Terminal States: Once a flow reaches COMPLETED, CANCELLED, or FAILED, it is archived into a FlowRecord and removed from active memory.

2. ConversationStatus

Introduction

A high-level status that summarizes the overall "mood" of the conversation thread.

Purpose

This is the primary signal used by the Agent Router and Prompt Builder. It determines which specific instructions (e.g., "ask for the next slot") are injected into the LLM's system prompt.

Values

IDLE: The agent is waiting for a new request.
IN_FLOW: A skill is currently being executed.
COLLECTING_SLOTS: The agent is in "Form-Filling" mode.
AWAITING_CONFIRMATION: The agent is waiting for a "Yes/No" to proceed.

II. Atomic Data Blocks

1. ToolCallRecord

Introduction

Records the details of a single tool invocation within a sandbox environment.

Purpose

It provides the agent with a memory of its own technical actions. It distinguishes between the Raw Result (data for logic) and the Result Summary (text for the LLM).

High-Level API

python

record = ToolCallRecord(
    tool_name="get_inventory",
    arguments={"sku": "LAP-123"},
    result={"count": 5, "warehouse": "A1"},
    result_summary="Found 5 units in Warehouse A1.",
    success=True
)

Detailed Functionality

to_prompt_xml():

Converts the record into an XML fragment. Crucially, it only includes the result_summary, preventing the LLM from being overwhelmed by large JSON payloads.

Contextual Tracking:

Stores step (for Sequential flows) and branch (for Parallel flows) to help the agent understand where in a complex process the tool was called.

1. Slot

Introduction

Represents a single variable (parameter) the agent needs to collect to satisfy a flow's requirements.

Behavior and Context

Form Filling: When a flow is active, the agent checks pending_slots.
Validation: If a user provides an invalid value, the validation_error field is populated. The agent will then see this error and re-ask the user with specific feedback.

2. PendingConfirmation

Introduction

A safety gate for irreversible or destructive actions (e.g., payments, deletions).

Purpose

To hold a "Yes/No" request in memory.
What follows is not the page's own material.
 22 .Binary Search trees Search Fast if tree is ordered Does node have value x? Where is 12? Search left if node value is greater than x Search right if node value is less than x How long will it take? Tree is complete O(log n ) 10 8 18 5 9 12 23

If the user drifts to a different topic, the request will automatically expire after timeout_turns (default 3), ensuring the agent doesn't execute a stale action.

3. WorkspaceEntity

Introduction

The cross-turn coreference bridge.

Purpose

It allows the agent to resolve "it," "that," or "him" across turns. If "Order #555" was mentioned 3 turns ago, it remains in the workspace.
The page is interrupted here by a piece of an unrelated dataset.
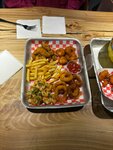 Посещение Креветочной запланировано не было, но привлекла внимание реклама. Можно сказать, зашли спонтанно. Кассир корректен, вежлив, спокоен. Ничего не навязывал, но посоветовал, к выбранным уже "креветкам от шефа", сырным спрингроллам с креветками и креветкам в панировке, на компанию взять ещё Seefood Boil. Заказ был принят и сигнал поступил через 6 мин. Удивившись скорости исполнения заказа, я подошёл к кассе, но оказалось, что спрингроллы с креветками закончились и вместо заказанных 5ти, нам предложили только 4. Кассир извинился и переоформил заказ. Конечно, не очень приятно для тех, кто спешит. Мы подождали ещё 10 минут и получили сигнал о готовности. Внешний вид блюд соответствовал фото в меню и возбуждал аппетит. Аромат приятный, ненавязчивый. Креветки, мидии, кальмары в сифудбойл приготовлены достойно. Мягкие, в достаточной панировке, не пережарены. В "креветках от шефа", возможно, многовато масла. Морепродукты не "резиновые". Вкус, у всех блюд без исключения, отменный! Понравились, особенно, сырные спрингроллы с креветками и, видимо, не только нам (учитывая, что нам достались последние). Соусы были просто необходимы к этим блюдам и, они не разочаровали. Тайский кисло-слдакий уже привычен и был очень кстати, впрочем, как и томатный. Очень понравился всем белый соус! Не разочаровали, спасибо большое! Вернёмся с удовольствием!

Mention Count: Tracks how often an entity is discussed.
Attribute Merging: If an entity is mentioned again with new details, the workspace performs a union merge of the attributes.

III. Live Context

1. ActiveFlowState

Introduction

The complete execution context for the "Skill" currently in progress.

Behavior and Context

Serialization Safety: It never stores live Python objects. It only stores flow_id and flow_name. This allows the state to be saved to Redis and reloaded without losing progress.
Flow Types: It dynamically handles SequentialFlow (tracking current_step) and ParallelFlow (tracking branch_results).

2. TurnCache

Introduction

A temporary data container that is populated at the very beginning of a turn.

Purpose

It caches the results of heavy operations (Episodic recall, Semantic recall, Flow selection). Instead of passing these results through every function, the agent reads them once from the cache.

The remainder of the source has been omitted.